I am just worried because I have not been running much lately. How about some ideas on breathing and maintaining stamina for the two minutes


----------



## stm4710 (Jul 6, 2004)

> I am just worried because I have not been running much lately. How about some ideas on breathing and maintaining stamina for the two minutes


Well no offense, but if you knew it was comeing........why didnt you run and give your self the best shot?????? ](*,)

I got no tricks for running. I hate running....I got crappy knees from doing firefighting stuff since I was 16 and being a catcher in baseball.:musicboo: But for stamina, I do run up and down stairs with the dummy or the dummy drag......I just breathe hard and deep , keep pushing your self as hard as you can. Its mental toughness.


----------



## Erose (Jan 22, 2003)

campuspdchic said:


> :???: Does anyone have any ideas on how to RELAX before the PAT???? I am soooo nervous and I completely bombed the practice test!!


Just think positive, get a good night sleep before, and make sure you have breakfast before the test, something light, not too filling. good luck, hang in there.


----------



## Cinderella (Jun 17, 2005)

running is great especially if u have something on ur mind that's making
u anxious .. just run the hell out of it lol
and when u get back home u will be too tired to care! 

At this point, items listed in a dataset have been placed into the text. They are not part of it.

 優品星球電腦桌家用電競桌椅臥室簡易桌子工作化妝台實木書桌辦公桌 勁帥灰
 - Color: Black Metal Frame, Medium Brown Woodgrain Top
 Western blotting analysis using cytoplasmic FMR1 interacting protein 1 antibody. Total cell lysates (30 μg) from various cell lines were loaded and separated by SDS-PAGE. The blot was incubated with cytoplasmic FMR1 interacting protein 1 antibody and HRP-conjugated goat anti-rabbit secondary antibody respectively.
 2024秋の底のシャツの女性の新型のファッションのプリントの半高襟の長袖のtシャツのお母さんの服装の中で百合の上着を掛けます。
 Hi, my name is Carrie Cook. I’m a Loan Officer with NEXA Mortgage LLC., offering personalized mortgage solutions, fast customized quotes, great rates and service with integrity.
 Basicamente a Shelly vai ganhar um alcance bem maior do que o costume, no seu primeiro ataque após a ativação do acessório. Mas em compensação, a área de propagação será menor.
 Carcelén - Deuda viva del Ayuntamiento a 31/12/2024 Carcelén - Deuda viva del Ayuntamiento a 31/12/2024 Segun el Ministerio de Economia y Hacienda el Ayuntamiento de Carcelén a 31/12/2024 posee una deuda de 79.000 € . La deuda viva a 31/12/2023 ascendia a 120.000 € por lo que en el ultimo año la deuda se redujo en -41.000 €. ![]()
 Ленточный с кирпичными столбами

Warming up your muscles before you run is a good idea.
thats what i do anyway, Spend at least 5 to 10 minutes doing that..

Also, warming-up can significantly reduce the chances of muscle pulls and strains..

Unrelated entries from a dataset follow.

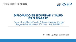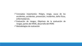 Este documento trata sobre la identificación de peligros, evaluación de riesgos e implementación de controles (IPERC). Explica los conceptos clave de peligro, riesgo, causas de accidentes y prevención. Describe las etapas de evaluación de riesgos y metodologías para realizarla, incluyendo índices para estimar el riesgo. Finalmente, detalla los tipos de medidas de control a implementar según la jerarquía, desde la eliminación del peligro hasta el uso de equipos de protección personal.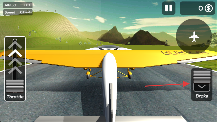3、需要刹车时,点击右侧【Brake】按钮,使飞机在跑道上减速或停止,确保操作安全。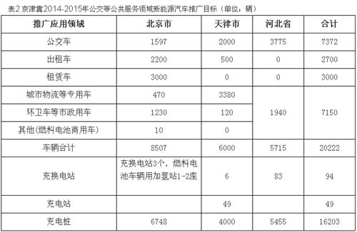 2014年至2015年,在京津冀地區(qū)公共交通服務(wù)領(lǐng)域共推廣20222輛新能源汽車。其中北京市8507輛,天津市6000輛,河北省5715輛,到2015年底,京津冀地區(qū)公交車中新能源汽車比例不低于16%,京、津出租車中新能源汽車比例不低于5%,河北省繼續(xù)做好示范城市新能源汽車的推廣應(yīng)用工作,新能源汽車在公交及公共服務(wù)領(lǐng)域的應(yīng)用水平國內(nèi)領(lǐng)先。
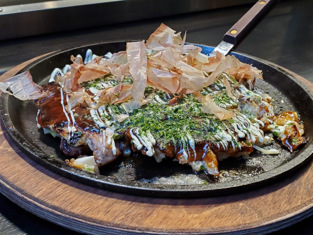 The Hiroshima-style okonomiyaki also had the addicting Maillard flavor and crispiness, but instead of contrasting softness, it contrasted the bouncy texture of the yakisoba noodles. To my surprise, the noodles were pretty sweet. This sweetness was not uncalled for, though, because the salty bacon complemented the sweetness nicely. This okonomiyaki was also covered in the sweet sauces and salty bonito flakes, which further intensified the sweet-salty flavor of the dish.

You have to control ur breathing dont rush at first, It's better to run at a slower pace but 
for longer. and just keep going till u drop lol

alternetavely...
come on over and i'll give u a body massage lol:fun: 
only u need to do a bit of swimming before u get here !!

good luck tommorow


----------



## stm4710 (Jul 6, 2004)

> running is great especially if u have something on ur mind that's making
> u anxious .. just run the hell out of it lol
> and when u get back home u will be too tired to care!


Lifting weights does the same thing. Many times after me and the ex :up_yours: broke up I would go to the gym and max out thinking about her during my workout. 
I just was to tierd and worn out to care about anything besides a hot shower and a nap......then later food when I woke up.


----------



## SOT (Jul 30, 2004)

Ummm that's sort of gross...but thanks for sharing.


----------



## Macop (May 2, 2002)

Campuspdchic you will do fine, the PAT test is a joke, I hate to say that but it is true. I was very nervous when I took it and then nearly laughed my head off when I was watching the people do it that were in line before me. It was unbelievably easy, the instructors all were old guys and yelled at us for going to fast. I dropped my duty belt and made a few mistakes that costed me some time (the course is timed) because they did not do a good job on telling you what was expected of you. But the guy said no, no don't worry just keep going. There were people there who were over weight, I was sure they were gonna fail but they did not. Don't worry I am sure you will do fine


----------



## SOT (Jul 30, 2004)

Ohhh I thought he said PAP test....


----------



## Cinderella (Jun 17, 2005)

lmao @ pap test


----------



## ROBOCOP1982 (Sep 4, 2002)

campuspdchic,

I was there today, how did you do?


----------



## COLE (Feb 7, 2003)

Robocop how did you do? Most of the people in the group I was with passed. Very few had trouble.


----------



## Wannabe1 (Aug 8, 2004)

MPTC? I take it? That test is a joke. At least you don't have to do a 1 1/2 mile run after!


----------